We have completed our integration of Triumph, realizing over 1.2 million dollars in management and back-office synergies in the third quarter.  In 2011, we anticipate being at the higher end of our targeted 5 to 7 million dollar annualized run rate.

Beginning in 2011, we will be reporting on results and providing expectations for the consolidated division rather than the legacy groups.  Our Hospital division is a significant contributor to our profitability and a platform for continued development of our continuum of care.

In terms of earnings contribution, our contract services divisions delivered another strong performance in the third quarter.  Our Hospital Rehabilitation Services division achieved an operating earnings margin of 18.7 percent and improved inpatient rehabilitation facility (IRF) same store revenues and discharges by 3.3 and 4.7 percent, respectively, year over year.

Our Skilled Nursing Rehabilitation Services division reported an operating earnings margin of 7.9 percent while preparing for regulatory changes that went into effect October 1 as well as implementing new information system technologies.  Through our mitigation strategy, we were able to reduce our concurrent therapy utilization to less than 1 percent as of the end of October. Sales were strong in the third quarter, but closures were ahead of our projections.

Last night, the Centers for Medicare and Medicaid Services issued its final rule on Multiple Procedure Payment Reduction for Part B therapy rates. This will result in a 25% reduction in reimbursement of practice expense for secondary procedures when multiple therapy services are provided in the same day. This negative impact was partially offset by a 8-9% increase in practice expense RVU reimbursement. We estimate that the impact of this final rule will be approximately 5 to 6 million dollars annually based upon our 2010 Part B therapy revenue run rate.  After mitigation, we believe that the net impact will be 2 to 3 million dollars.

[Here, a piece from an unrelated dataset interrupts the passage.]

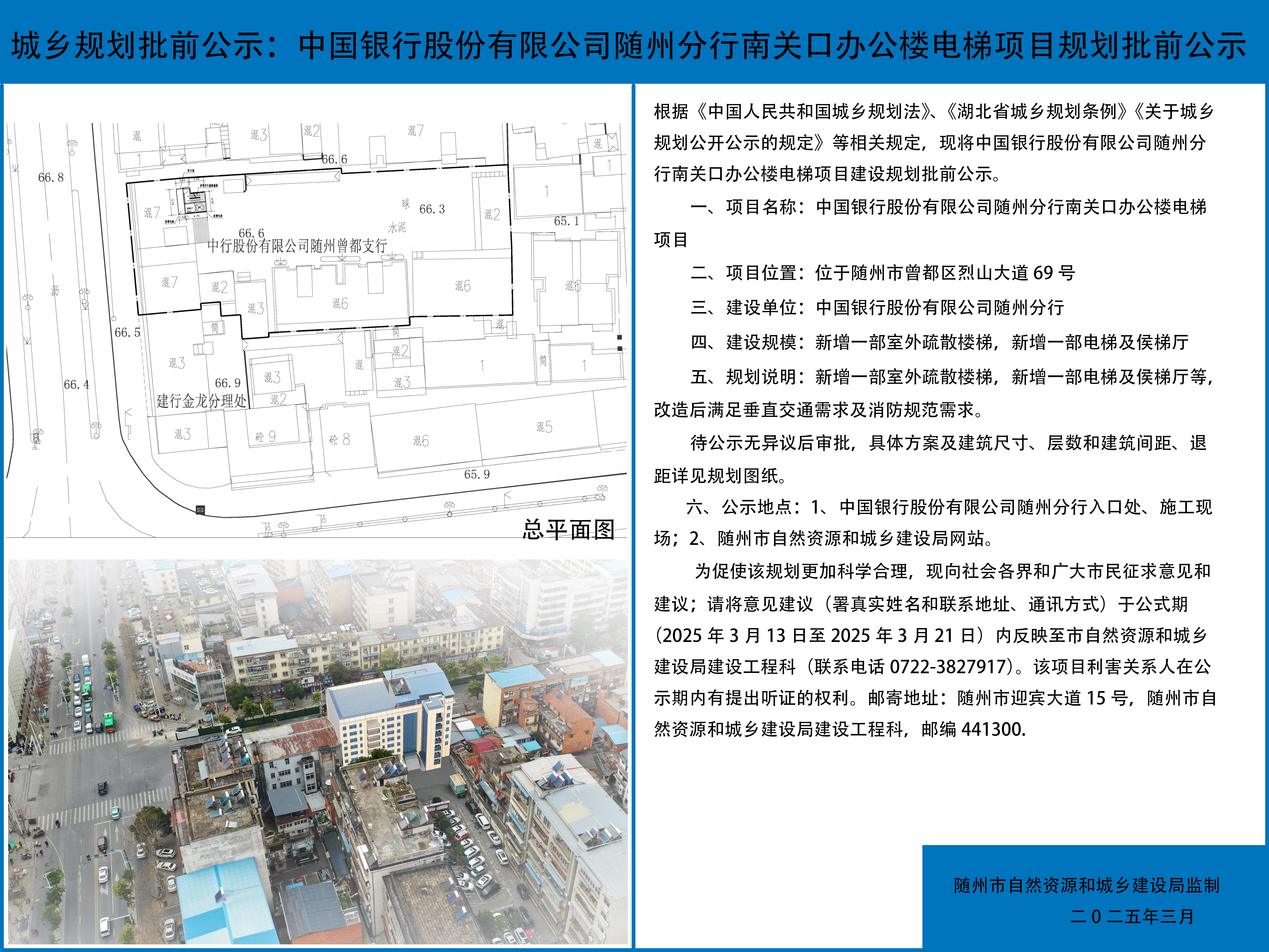 城鄉規劃批前公示:中國銀行股份有限公司隨州分行南關口辦公樓電梯項目規劃批前公示
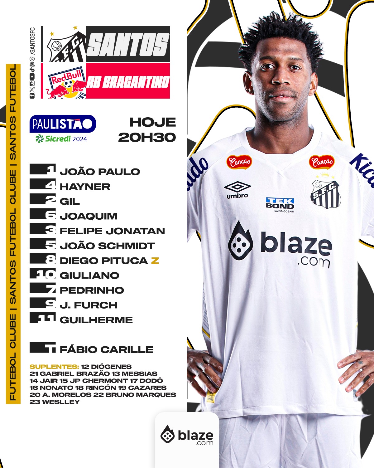 O Santos está escalado para enfrentar o Red Bull Bragantino [...]

Turning to our balance sheet, since our acquisition of Triumph we have been diligent about reducing our debt, and strong cash flow from operations in the third quarter allowed us to pay it down by 31.2 million dollars.  Year to date, we have reduced debt by 43 million dollars.
 
Our cash position also has allowed us to continue to fulfill our strategic growth plans.  Today, we are pleased to announce three projects that will expand our IRF operations and enhance our post-acute services in three key markets. First, we have signed a letter of intent with Saint Joseph Regional Medical Center in South Bend, Indiana, to form a joint venture that will own and operate their existing 40-bed IRF, which we recently began to manage.  Saint Joseph Rehabilitation Institute complements our existing LTACH located on an additional campus of Saint Joseph.  We expect to close on the joint venture agreement in the first quarter of 2011.

Secondly, we are developing a 46-bed IRF in northeast Houston.  Our presence in Houston has strong support by local physicians and acute care providers, who serve a fast-growing patient population. This hospital is scheduled for completion by the beginning of 2012.

Finally, we have entered an agreement with Select Medical under which we will exchange our 60-bed IRF in Miami for Select’s 70-bed long-term acute care hospital in northwest Indiana.  This transaction enables us to expand our continuum in the market, which currently includes 3 managed IRFs, an outpatient and skilled nursing facility program.  We expect to close on the transaction January 1.

These projects are part of several we have been evaluating that involve developing our IRF services in continuum markets.  We look forward to updating you on our progress.
 
With that, I would like to have our operator open the call for questions.
 
To be read following Questions and Answers
As a reminder, a replay of this call will be available beginning at 3 pm Eastern time today.  An online archive also is available on our website, www.rehabcare.com.